C’est un secret de polichinelle que les autorités ne peuvent trahir trop ouvertement. L’une des craintes liées à une éventuelle légalisation, supposée entraîner un assèchement de la criminalité, notamment dans les cités, tient à la possible explosion de celles-ci, par la suppression de dizaines de milliers de boulots plus ou moins bien rémunérés qu’elle provoquerait. Dans des environnements déjà précaires, où l’échec scolaire est endémique et les mentalités gangrenés par la ghettoïsation, nulle mesure ne pourrait rapidement permettre aux populations concernées de combler un manque à gagner qui est pour beaucoup le salaire de la survie. Loin des revenus mirifiques des trafiquants qui occupent le haut de la pyramide économique du secteur, la plupart des « salariés » du cannabis, sont des « intérimaires » qui jouent les petites mains en échange de pourboires aux montants variables. D’une certaine manière, aussi cynique soit-il de l’écrire, le statu quo est censé assurer une forme de paix sociale, même s’il s’agit toujours de reculer pour mieux sauter. 

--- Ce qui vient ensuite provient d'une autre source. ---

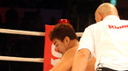 '올림피아 히어로스 코리아 2007' 대회가 28일 장충체육관에서 벌어졌다. 제7경기로 벌어진 김민수와 미노와 맨의 경기서 이태현이 1라운드에 TKO승을 거두었다. 김민수가 로프에 매달려 춤을 추고 있다./장충체=손용호 기자spjj@osen.co.kr [Copyright ⓒ 한국 최고의 스포츠 엔터테인먼트 전문 미디어...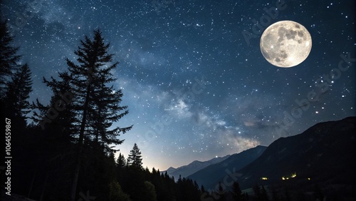Fototapeta premium Dark sky with multiple stars twinkling against a bright full moon, night sky,...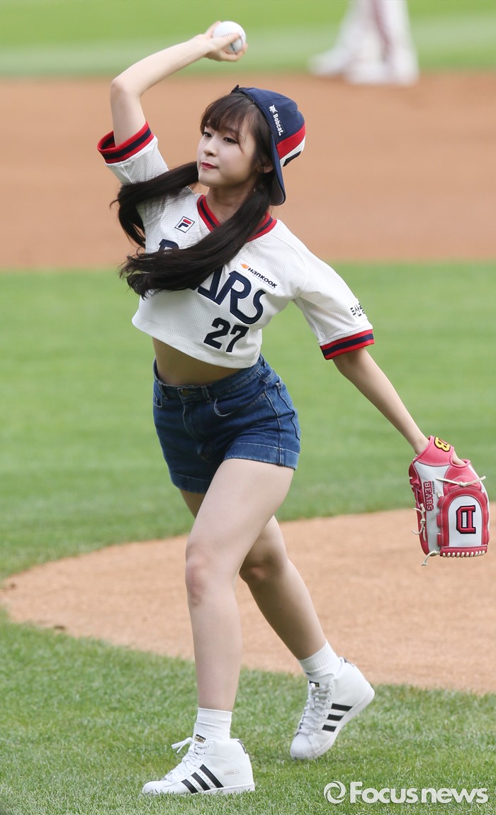 (서울=포커스뉴스) 10일 서울 잠실구장에서 열린 2016 프로야구 넥센-두산 경기에 앞서 걸그룹 '오마이걸'의 아린이 시구하고 있다.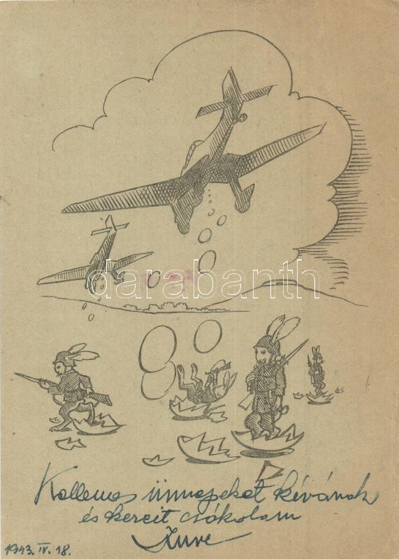 1943 Kellemes Ünnepeket! Tábori postai levelezőlap / WWII Hungarian military field post, Easter greetings with aircrafts and rabbits (EK)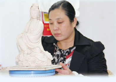許春玉,女,1966年3月出生。福建省陶瓷藝術(shù)大師、國家一級/高級技師。現(xiàn)任德化縣泰峰藝術(shù)瓷研究所藝術(shù)總監(jiān)。作品《渡海觀音》獲“天工藝苑·百花杯”中國工藝美術(shù)精品展金獎,《仙女散花》獲第三屆中國海峽工藝品博覽會銀獎,《青春之歌》獲第八屆全國陶瓷藝術(shù)設(shè)計創(chuàng)新評比銀獎。作品《牧羊女》被中國工藝美術(shù)館收藏,《嫦娥奔月》被福建省博物院收藏。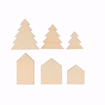 Miniature Case e Abeti in legno Artemio | Confezione da 6 pezzi | Ideali per creazioni natalizie e invernali fai da te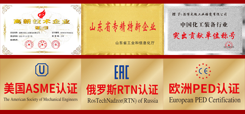 淄博太極在中國搪玻璃設(shè)備制造行業(yè)中首家通過ISO90001質(zhì)量體系認(rèn)證,并擁有美國ASME認(rèn)證、歐洲PED認(rèn)證以及國家部門頒發(fā)的搪玻璃制造許可證、進(jìn)出口許可證和百余項(xiàng)榮譽(yù)證以及三十六項(xiàng)專利等。
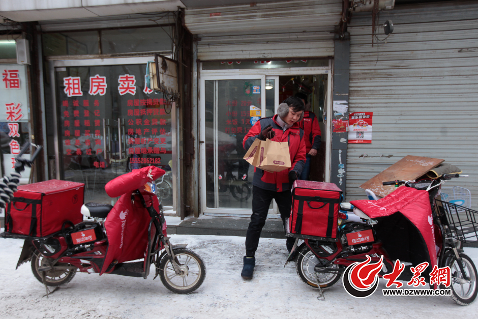 寒風(fēng)大雪中的“外賣小哥”:走不好滑一跤,凍得搓手又跺腳

Un très relatif assèchement du marché criminel

Pourtant, les choses ne se passeront pas ainsi, parce que partout où la légalisation a été instaurée, l’assèchement du marché parallèle et criminel du cannabis a été des plus relatifs, après, généralement, une période de flottement à laquelle a succédé une forte reprise.  

Plusieurs pays ou États de nations fédérales ayant fait l’expérience de la légalisation depuis plusieurs années peuvent ici nourrir notre réflexion. Il s’agit des Pays-bas, de l’Uruguay, du Canada, des États du Colorado et de Washington aux Etats-Unis (1), et de l’Espagne, dont la législation est plus tortueuse puisque seule la production à des fins de consommation personnelle y est autorisée, tandis que l’usage publique et le commerce restent prohibés. 

Auteur d’une tribune remarquée dans le Figaro au mois de juin, François Jolivet, député LREM de l’Indre est clairement hostile à la dépénalisation, bien que, comme moi, fervent partisan du cannabis thérapeutique. Comme il le confie : « J’ai une phrase pour résumer cela : je ne suis pas contre ce qui soulage, je suis contre ce qui tue. Je fais bien la différence ».  

Comme d’autres, le député de l’Indre a observé la situation aux Pays-Bas, plus vieux pays où la consommation est autorisée, jusqu’à produire un important narco-tourisme que nul n’ignore en France. 

Dans le pays des tulipes, l’État, qui autorisait la vente et la consommation de longue date, s’est lancé à titre expérimental dans la production afin d’alimenter les coffee shop, jusque-là approvisionnés par le marché parallèle et l’étranger. Cette expérience vient de s’étendre et le pays s’avère le premier de l’Union européenne à légaliser la production.